## STORED DATA
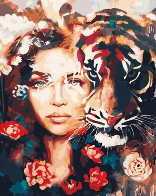 Malowanie po numerach Kobieta z tygrysem 50x40cm 1007474
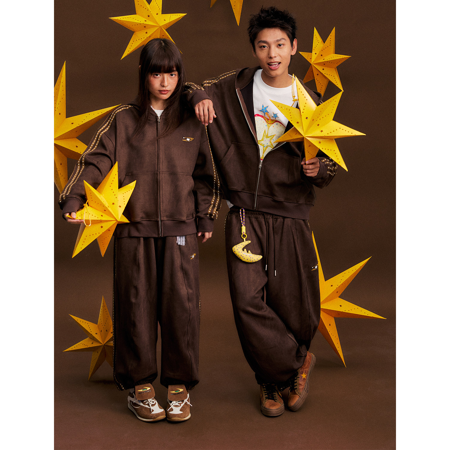 📚 江南先生NewJNXS星星织带宽松开衫连帽卫衣春季运动休闲男女外套
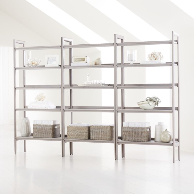 Our popular Tate collection brings its cool, 1960s vibe into the office, library or living room as a modular storage solution with style to spare. This trio of wide bookcases gives rise to shelves made of stone-finished ash veneer in a timeless and clean-lined design by Blake Tovin of Tovin Design, a Crate and Barrel exclusive.
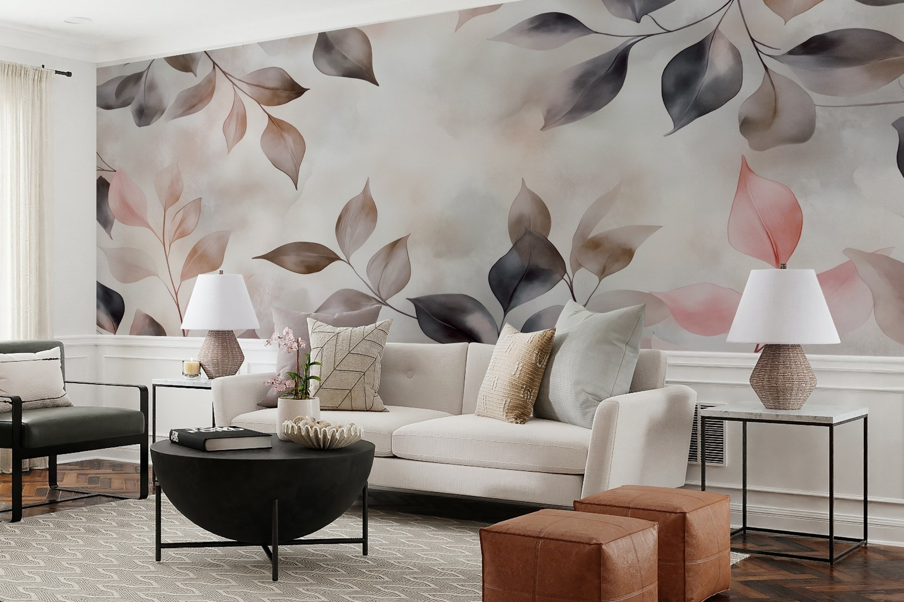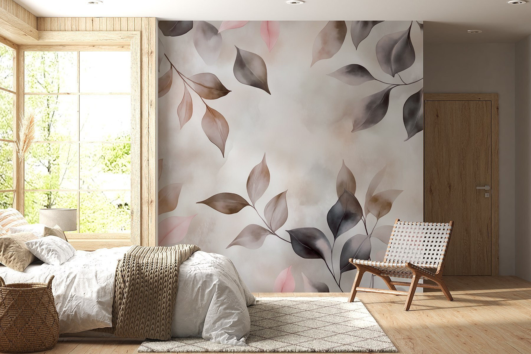 Verander elke kamer in een gezellig toevluchtsoord met “Delicate Leaves in Soft Hues”. Deze muurschildering brengt de schoonheid van de natuur binnenshuis en hult je ruimte in rustgevende pasteltinten en subtiele schaduwen. Stel je voor dat je een kopje thee drinkt terwijl je je koestert in de zachte sfeer die het creëert. Het is alsof je een serene tuinmuur hebt – zonder het tuinwerk! De aquarelstijl voegt een dromerig tintje toe, perfect om bij weg te dromen of om even tot rust te komen. Het is ook een geweldige gespreksstarter – je gasten zullen zich misschien afvragen welke kleur die mysterieuze bladeren hebben! Kortom, de charme van de natuur binnen handbereik, klaar om elke muur op te vrolijken.

## TASK DETAILS
Give the data again exactly as it stands, apart from the pictures.

## TASK OUTPUT
 Malowanie po numerach Kobieta z tygrysem 50x40cm 1007474
 📚 江南先生NewJNXS星星织带宽松开衫连帽卫衣春季运动休闲男女外套
 Our popular Tate collection brings its cool, 1960s vibe into the office, library or living room as a modular storage solution with style to spare. This trio of wide bookcases gives rise to shelves made of stone-finished ash veneer in a timeless and clean-lined design by Blake Tovin of Tovin Design, a Crate and Barrel exclusive.
 Verander elke kamer in een gezellig toevluchtsoord met “Delicate Leaves in Soft Hues”. Deze muurschildering brengt de schoonheid van de natuur binnenshuis en hult je ruimte in rustgevende pasteltinten en subtiele schaduwen. Stel je voor dat je een kopje thee drinkt terwijl je je koestert in de zachte sfeer die het creëert. Het is alsof je een serene tuinmuur hebt – zonder het tuinwerk! De aquarelstijl voegt een dromerig tintje toe, perfect om bij weg te dromen of om even tot rust te komen. Het is ook een geweldige gespreksstarter – je gasten zullen zich misschien afvragen welke kleur die mysterieuze bladeren hebben! Kortom, de charme van de natuur binnen handbereik, klaar om elke muur op te vrolijken.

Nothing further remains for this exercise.